Sport Management Review ( IF 5.589 ) Pub Date : 2022-04-21 , DOI: 10.1080/14413523.2021.1968174 Liz Wanless 1 , Chad Seifried 2 , Adrien Bouchet 3 , Annie Valeant 1 , Michael L. Naraine 4
ABSTRACT
Framed by the diffusion of innovations theory, this paper explored the adoption of natural language processing (NLP) in professional sport. NLP, the ability for computer algorithms to be trained for pattern recognition in text data, is of key interest given the surge in text data available for sport business use.

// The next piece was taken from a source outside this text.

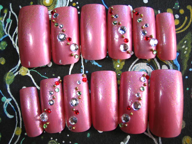 ラインストーンは赤と黄緑を使ってます。
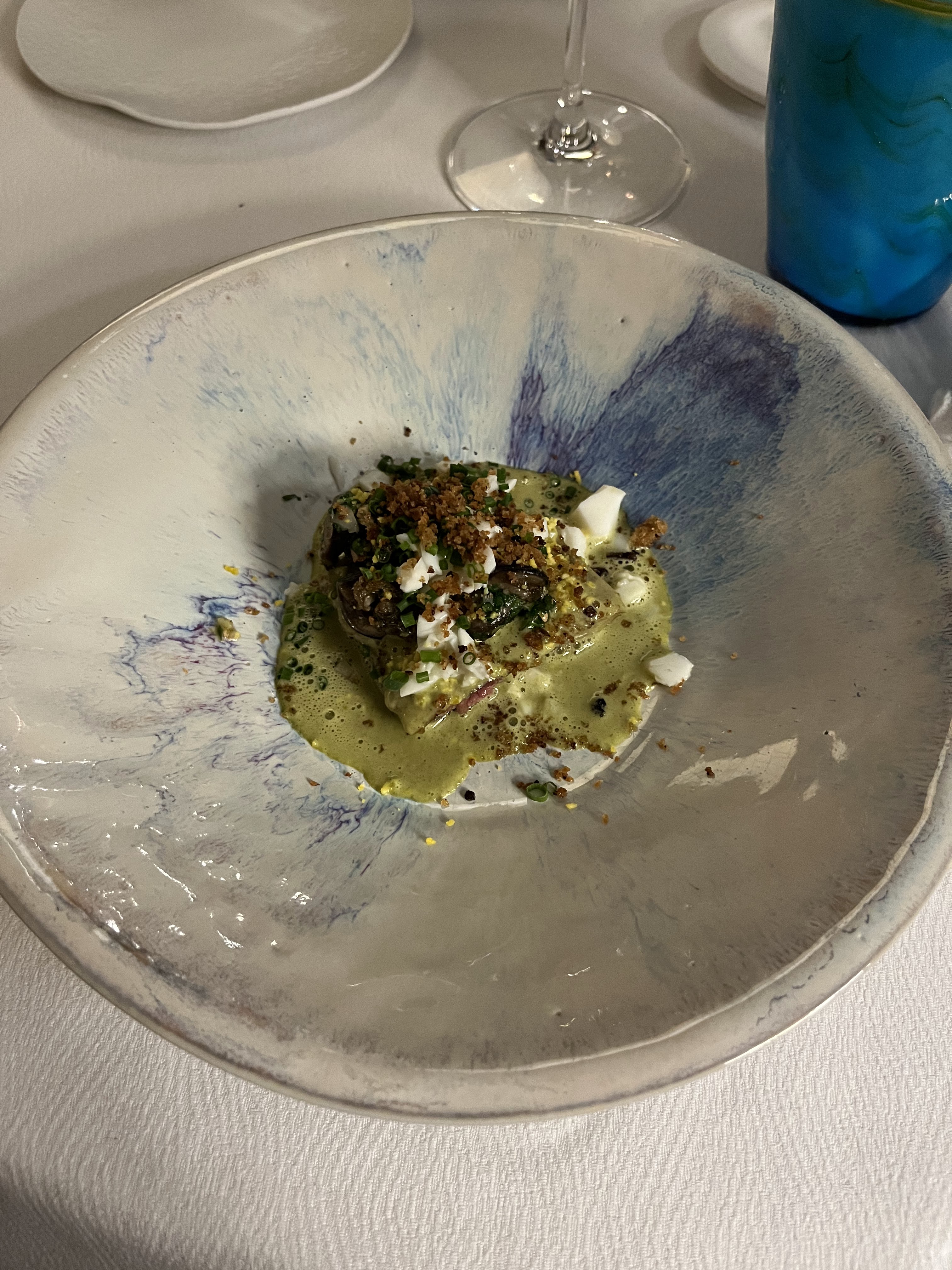 Nous avons pris le menu 7 plats , et nous n'avons pas regretté ! C'est une surprise dans chaque assiette ! Le rapport qualité prix est bon !

Ninety-one teams (73.98%) from the “Big Four” North American professional sports leagues: the National Football League (NFL; 68.75%), the National Basketball Association (NBA; 76.67%), Major League Baseball (MLB; 73.33%), and the National Hockey League (NHL; 77.42%) participated. A multiple methods approach utilizing a discrete derivative of the Bass model, integrative literature review and qualitative description uncovered the mechanisms, timing and key influences surrounding NLP diffusion. The findings highlight NLP diffusion at near peak adoption for the professional sport industry, reveal the organizational influences catalyzing the adoption timing, and create the context for academics and practitioners to embrace NLP.
中文翻译:
自然语言处理在职业运动中的传播
摘要
本文以创新理论的传播为框架,探讨了自然语言处理(NLP)在职业运动中的应用。NLP 是一种训练计算机算法在文本数据中进行模式识别的能力,鉴于可用于体育商业用途的文本数据激增,NLP 具有关键意义。来自北美“四大”职业体育联盟的 91 支球队 (73.98%):美国国家橄榄球联盟 (NFL; 68.75%)、美国国家篮球协会 (NBA; 76.67%)、美国职业棒球大联盟 (MLB; 73.33% ) 和全国冰球联盟 (NHL; 77.42%) 参加。利用 Bass 模型的离散导数、综合文献回顾和定性描述的多种方法方法揭示了围绕 NLP 扩散的机制、时间和关键影响。